• TASK DETAILS
Could the lines from the line bearing "A Ravensburger ministeps: Unser" to the end of the records below be copied exactly, with the pictures left out and no other lines added?

• MATERIAL PROVIDED

※

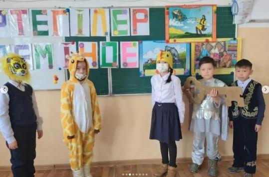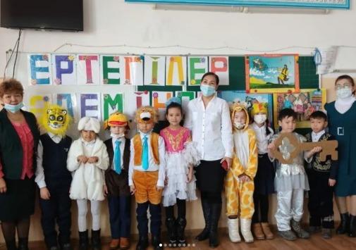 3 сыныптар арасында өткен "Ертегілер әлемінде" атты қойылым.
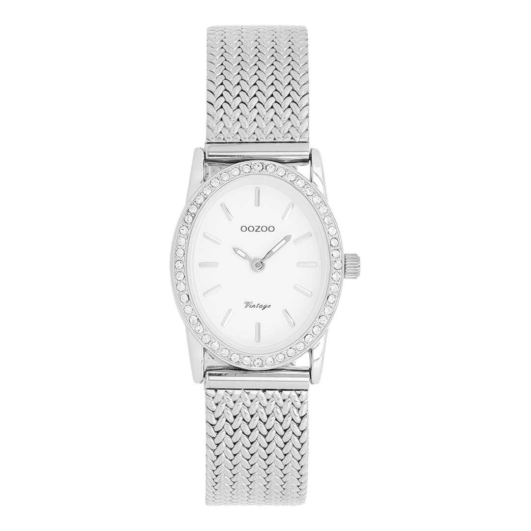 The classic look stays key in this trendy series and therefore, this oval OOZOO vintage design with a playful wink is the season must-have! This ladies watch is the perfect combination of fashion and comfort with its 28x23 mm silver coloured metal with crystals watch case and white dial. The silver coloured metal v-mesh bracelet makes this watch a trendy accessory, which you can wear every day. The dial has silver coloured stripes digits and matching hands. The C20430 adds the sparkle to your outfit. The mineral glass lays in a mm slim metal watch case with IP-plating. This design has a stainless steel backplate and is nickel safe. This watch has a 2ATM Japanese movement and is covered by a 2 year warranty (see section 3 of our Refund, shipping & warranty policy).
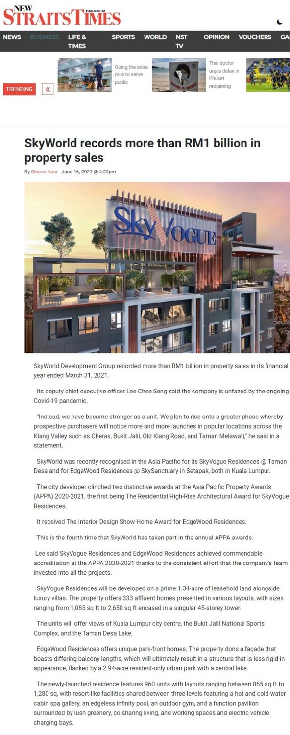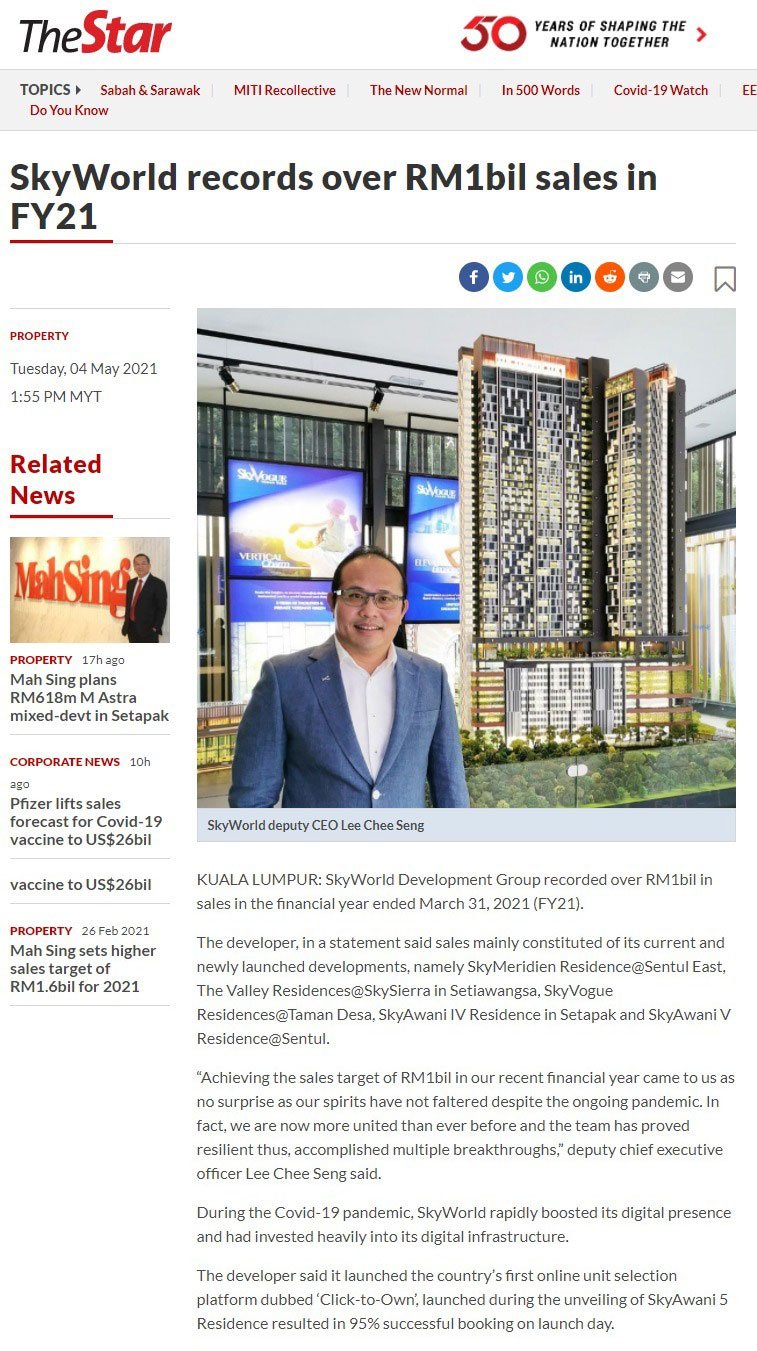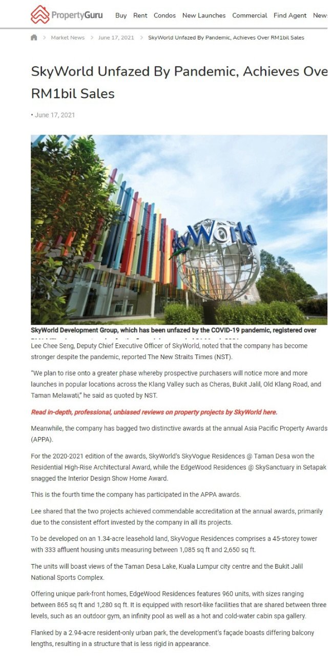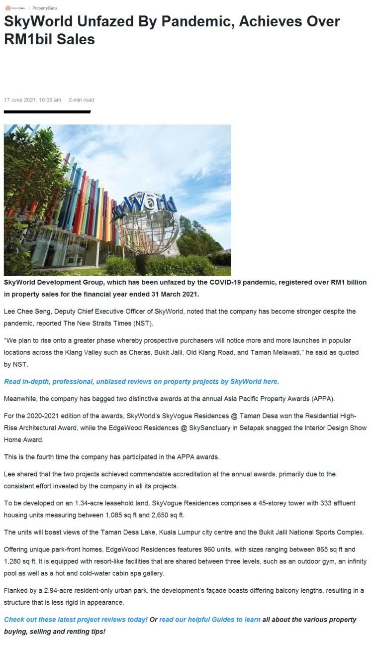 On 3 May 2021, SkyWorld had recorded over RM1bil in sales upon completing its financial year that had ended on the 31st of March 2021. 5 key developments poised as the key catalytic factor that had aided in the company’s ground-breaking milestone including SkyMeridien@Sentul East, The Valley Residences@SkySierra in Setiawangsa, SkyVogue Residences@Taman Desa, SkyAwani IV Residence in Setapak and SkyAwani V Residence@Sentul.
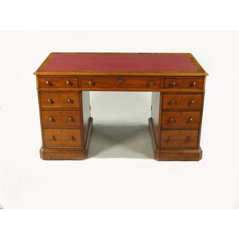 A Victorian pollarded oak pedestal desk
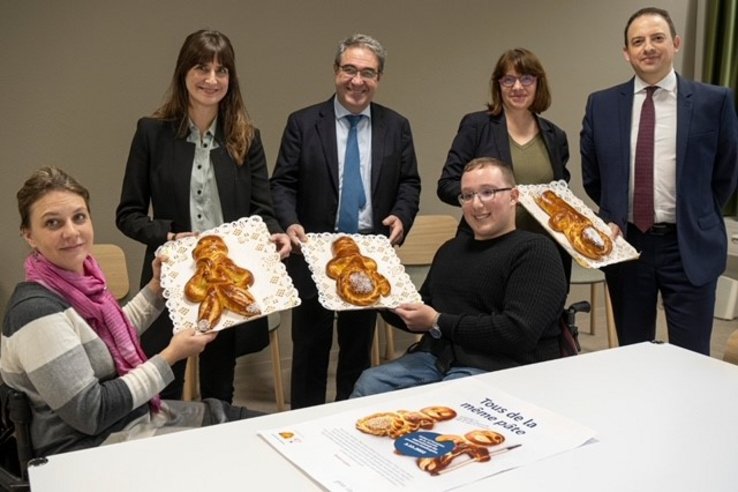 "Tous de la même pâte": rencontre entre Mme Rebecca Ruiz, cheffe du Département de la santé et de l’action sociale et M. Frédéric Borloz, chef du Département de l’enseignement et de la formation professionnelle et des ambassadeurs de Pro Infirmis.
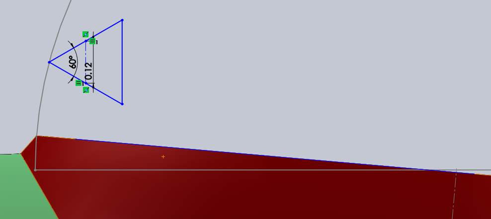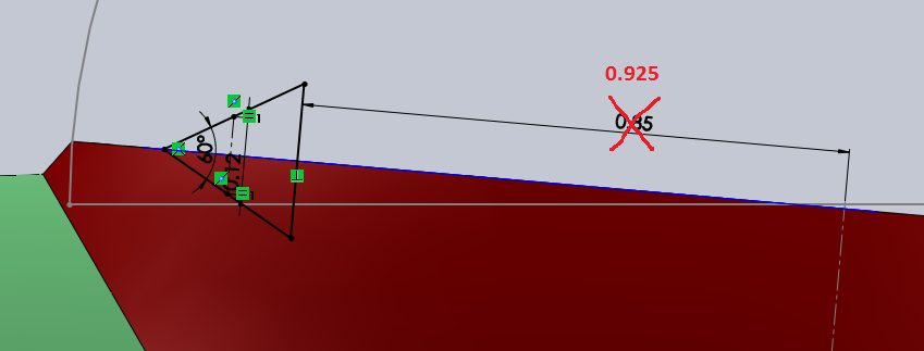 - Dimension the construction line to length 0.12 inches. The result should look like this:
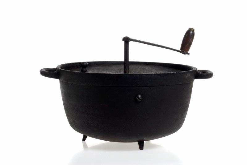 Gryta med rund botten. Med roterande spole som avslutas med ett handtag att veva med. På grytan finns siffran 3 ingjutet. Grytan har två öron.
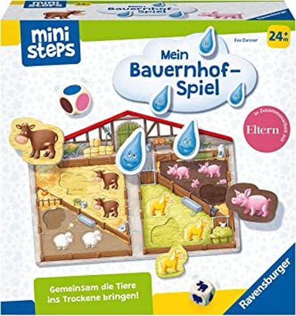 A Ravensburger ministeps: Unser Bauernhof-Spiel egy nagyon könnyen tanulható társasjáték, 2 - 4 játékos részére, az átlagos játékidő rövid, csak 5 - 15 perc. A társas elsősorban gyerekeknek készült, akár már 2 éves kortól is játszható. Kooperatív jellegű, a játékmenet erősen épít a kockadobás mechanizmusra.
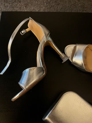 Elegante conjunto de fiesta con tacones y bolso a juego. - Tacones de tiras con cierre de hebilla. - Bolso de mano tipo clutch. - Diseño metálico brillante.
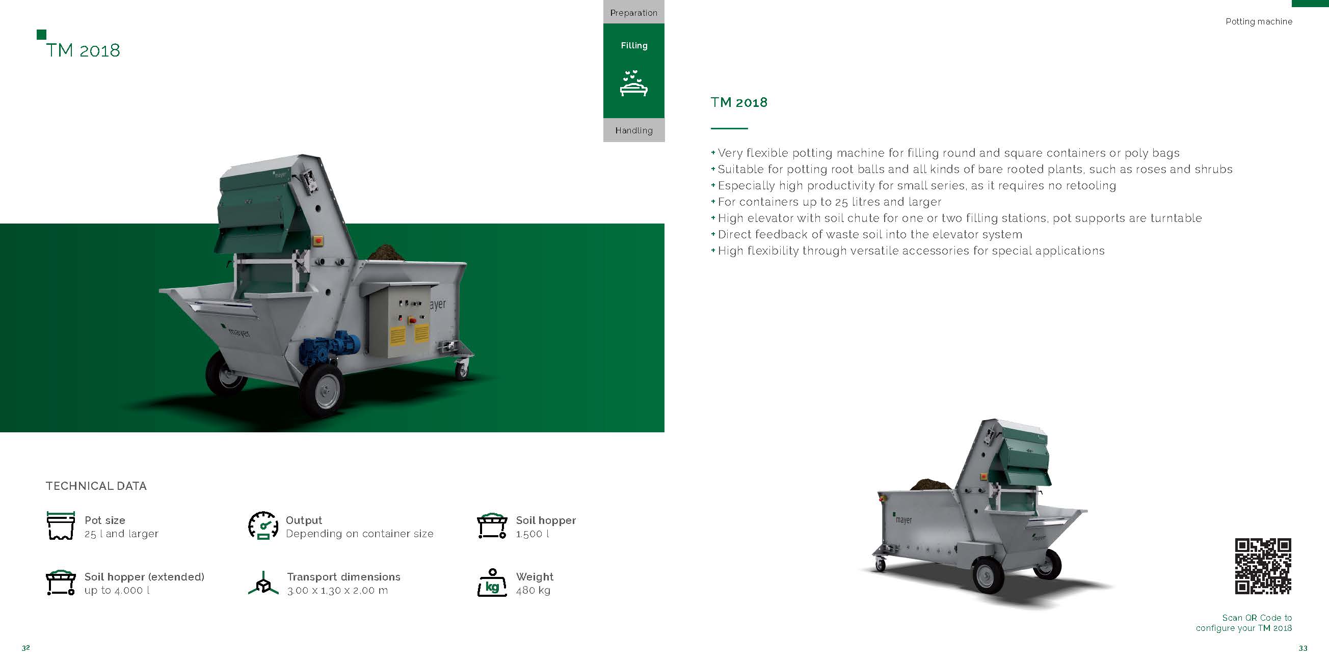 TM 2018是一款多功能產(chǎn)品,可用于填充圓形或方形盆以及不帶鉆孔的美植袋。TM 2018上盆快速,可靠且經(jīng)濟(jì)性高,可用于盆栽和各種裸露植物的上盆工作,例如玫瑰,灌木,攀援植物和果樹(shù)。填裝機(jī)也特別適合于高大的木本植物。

※

• ANSWER SPACE
 A Ravensburger ministeps: Unser Bauernhof-Spiel egy nagyon könnyen tanulható társasjáték, 2 - 4 játékos részére, az átlagos játékidő rövid, csak 5 - 15 perc. A társas elsősorban gyerekeknek készült, akár már 2 éves kortól is játszható. Kooperatív jellegű, a játékmenet erősen épít a kockadobás mechanizmusra.
 Elegante conjunto de fiesta con tacones y bolso a juego. - Tacones de tiras con cierre de hebilla. - Bolso de mano tipo clutch. - Diseño metálico brillante.
 TM 2018是一款多功能產(chǎn)品,可用于填充圓形或方形盆以及不帶鉆孔的美植袋。TM 2018上盆快速,可靠且經(jīng)濟(jì)性高,可用于盆栽和各種裸露植物的上盆工作,例如玫瑰,灌木,攀援植物和果樹(shù)。填裝機(jī)也特別適合于高大的木本植物。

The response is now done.